Principal English Translation:
fruit, in general; or, bananas (see Karttunen)
Frances Karttunen:
XŌCHIHCUAL-LI fruit in general; banana / fruta generalmente (M), platano (Z) In C and Z this is abundantly attested and consistently with a glottal stop between the two component elements. In T it is attested only once and without the glottal stop, but the loss of internal glottal stops is characteristic of T. The specific sense ‘banana’ is common to Z and Nahuatl of the Huasteca, areas where bananas are intensively cultivated. See XŌCHI-TL, CUAL-LI.
Frances Karttunen, An Analytical Dictionary of Nahuatl (Norman: University of Oklahoma Press, 1992), 328.
Attestations from sources in English:
xōchicualli = fruit (lit., good [or edible; cf. cua] part of the flower)Michel Launey, An Introduction to Classical Nahuatl, translated and adapted by Christopher MacKay (Cambridge: Cambridge University Press, 2011), 169.
Attestations from sources in Spanish:
onictocac metl, xochicualcuahuitl = yo sembré magueyes y árboles de frutas (en un testamento modelo, imaginado)

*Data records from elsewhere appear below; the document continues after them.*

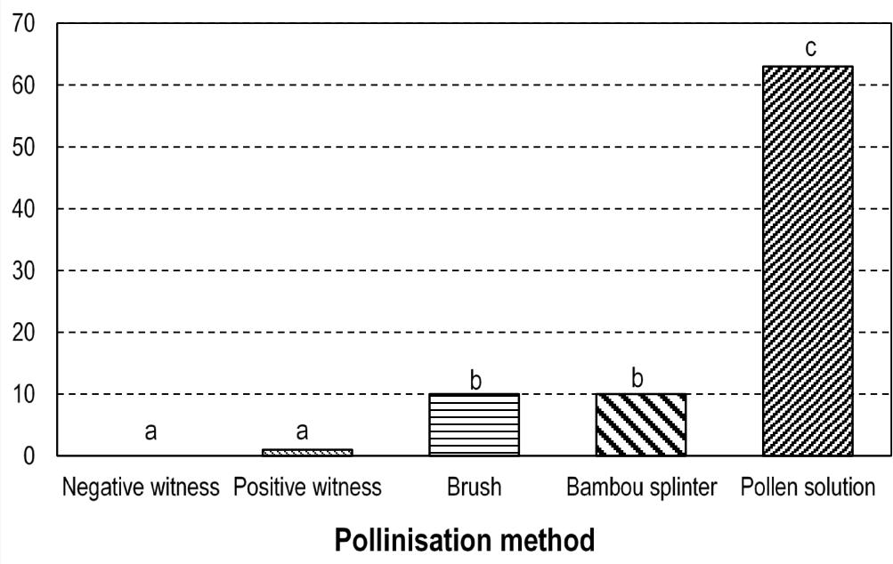 Results are indicated on figure 9. Significant effects were obtained while comparing different pollination technique (p < 0.05) with respect to fructification. No significant difference between the fruiting rates of the positive control (1%) and the negative control (0%) flowers was noted. The best result was obtained with the pollen solution (64%). which is highly superior to wire brush (9%) and the bamboo splinter (9%) methods. This confirms that the fruits formed on the artificially pollinated plants were indeed controlled and not subject to parthenogenesis. The plants in the positive control had a fruiting rate of $1.11\%$ and did not differ significantly from those in the negative control. They provide information on the efficiency of natural pollination, which in this case is low. This failure of natural pollination could be due to the absence of pollinating agents in our experimental site. These are insect pollinators such as Larothrips dentipes, Chirothrips sp., Haplothrips sp. and Xylocopas brasilianorum. Their absence could be due to environmental conditions that do not favour their development. The presence of insecticides sprayed in the experimental field possibly prevented the development and even the presence of these pollinating insects. The superiority of the pollination method involving the pollen solution over the pollination methods with the bamboo splinter and the metal brush could be due to the insufficient dehiscence of the anthers in the latter two methods. The crushing of the anthers during the preparation of the pollen solution must have caused the rupture of the anther and the release of the pollen into the solvent (rainwater). This pollen was certainly deposited directly on the stigma of the female flowers, using the syringe, and must have relatively favoured fertilisation and therefore fruiting. However, pollination with the bamboo splinter and the metal brush allowed the deposition of anthers on the stigma of female flowers; these anthers probably had not undergone sufficient dehiscence after their deposition in order to release the pollen. This lack of dehiscence in these two pollination methods possibly limited fertilisation and therefore fruiting, which was significantly lower than that observed in the case of pollination with the pollen solution. This fruiting rate of $64\%$ is much higher than those obtained in Nigeria on D. rotundata $(41.3\%)$ (Akoroda, 1985); on D. alata $(19.7\%)$ in Cote d'Ivoire (Ehounou and al, 2019) and are comparable to that obtained on D. alata $(74\%)$ (Abraham and al, 1990) in India.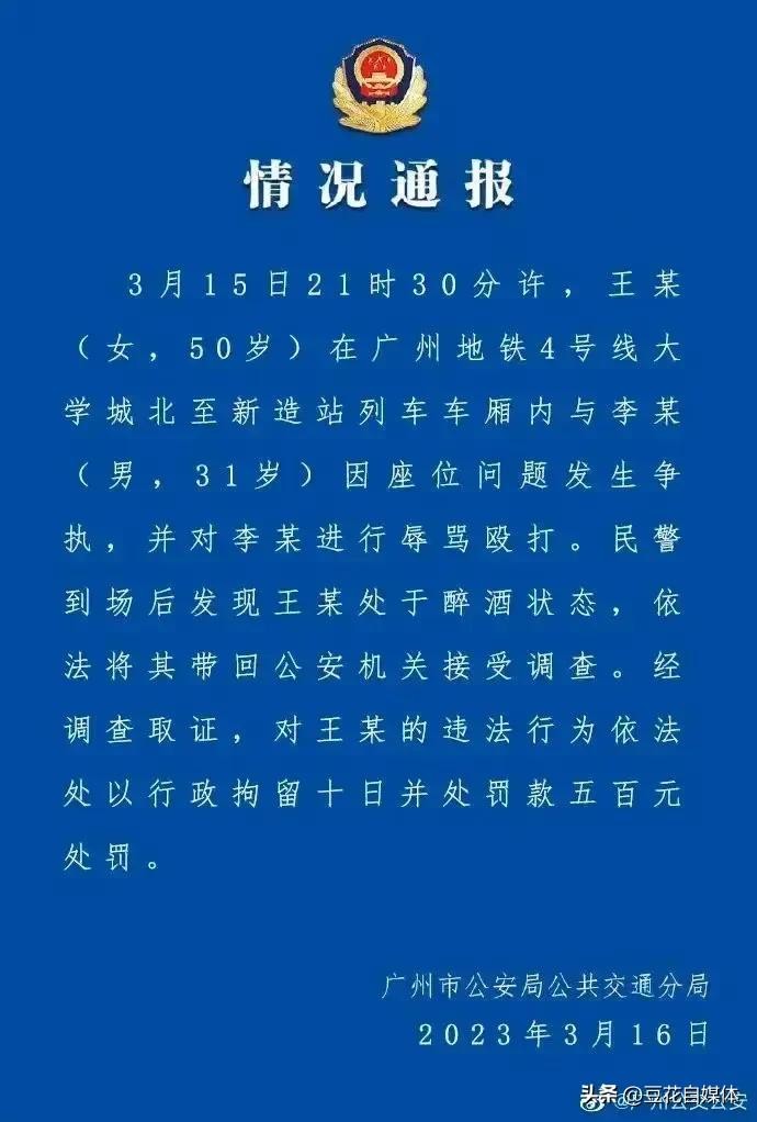 3月16日,广州公安发布通告,对打人的燕子进行拘留10日,罚款500的惩戒。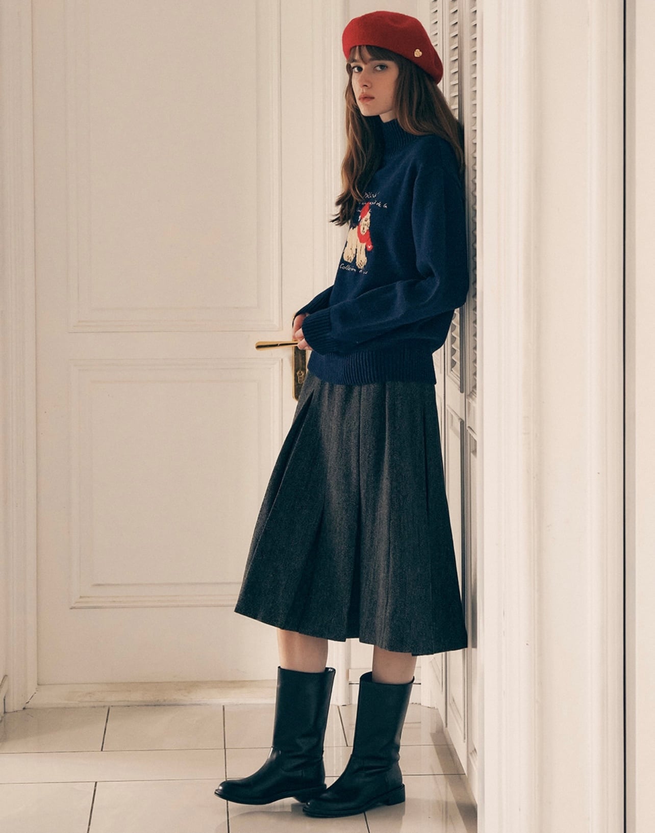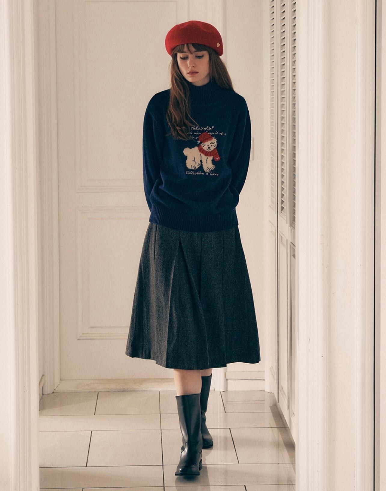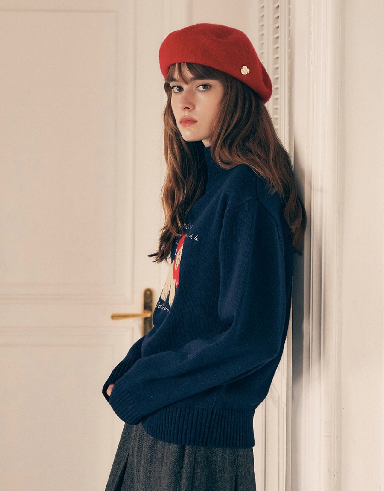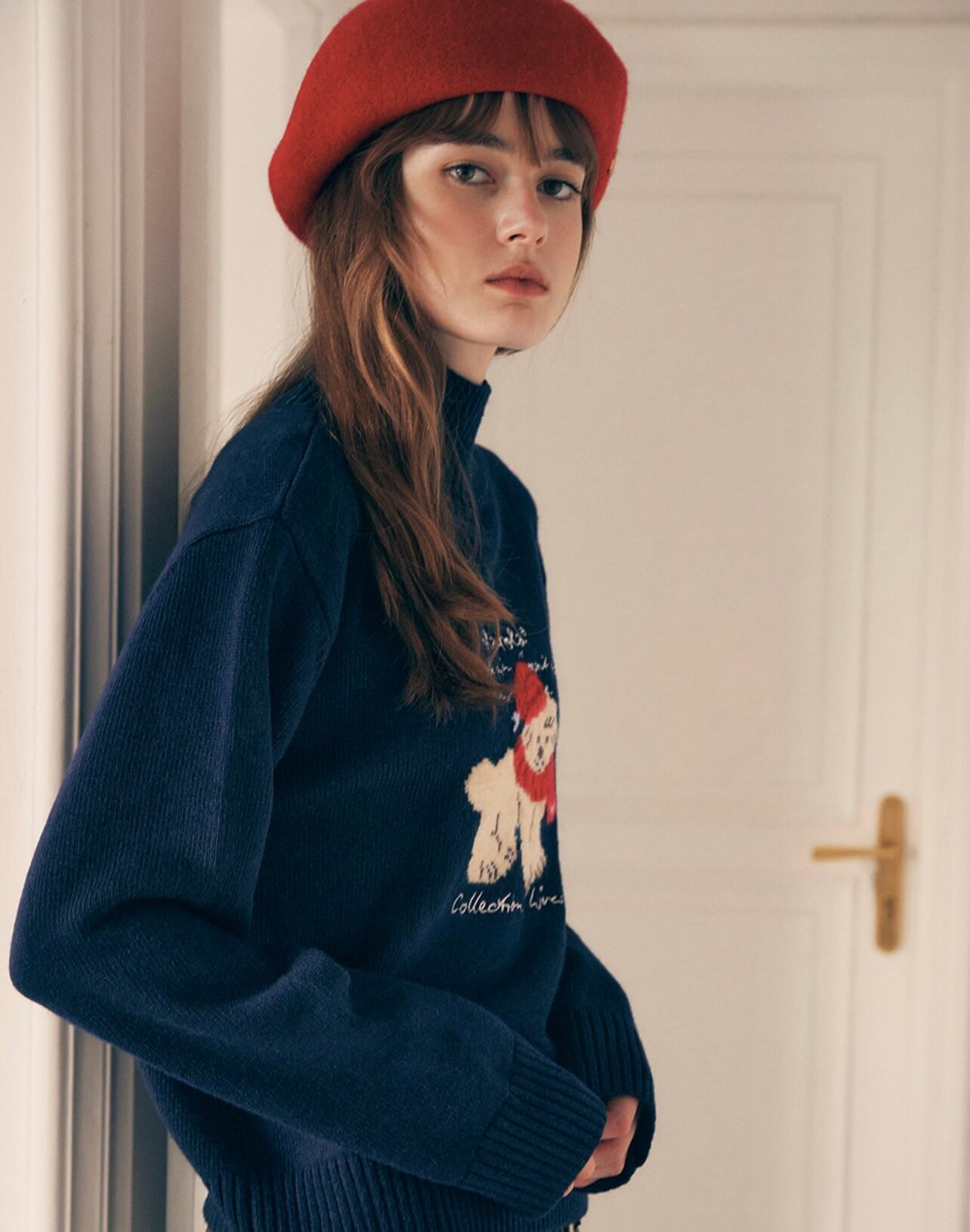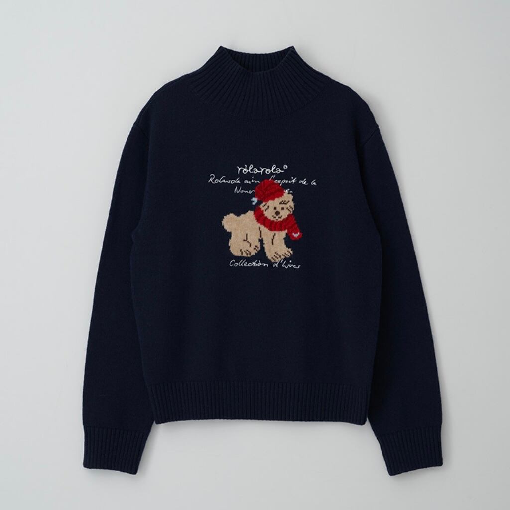 [ROLAROLA] PUPPY JACQUARD HIGH NECK KNIT NAVY 正規品 韓国ブランド 韓国通販 韓国代行 韓国ファッション ロラロラ 日本 店舗

Martín de León, Camino al cielo en lengua mexicana (Mexico: Diego López, 1611), f. 140r. Frase traducido por Stephanie Wood.
In tatli oyaya tlacencuiz ica xochicuali. = El padre iba a recoger fruta. (s. XX, Milpa Alta)
Los cuentos en náhuatl de Doña Luz Jiménez, recop. Fernando Horcasitas y Sarah O. de Ford (México: UNAM, 1979), 106–107.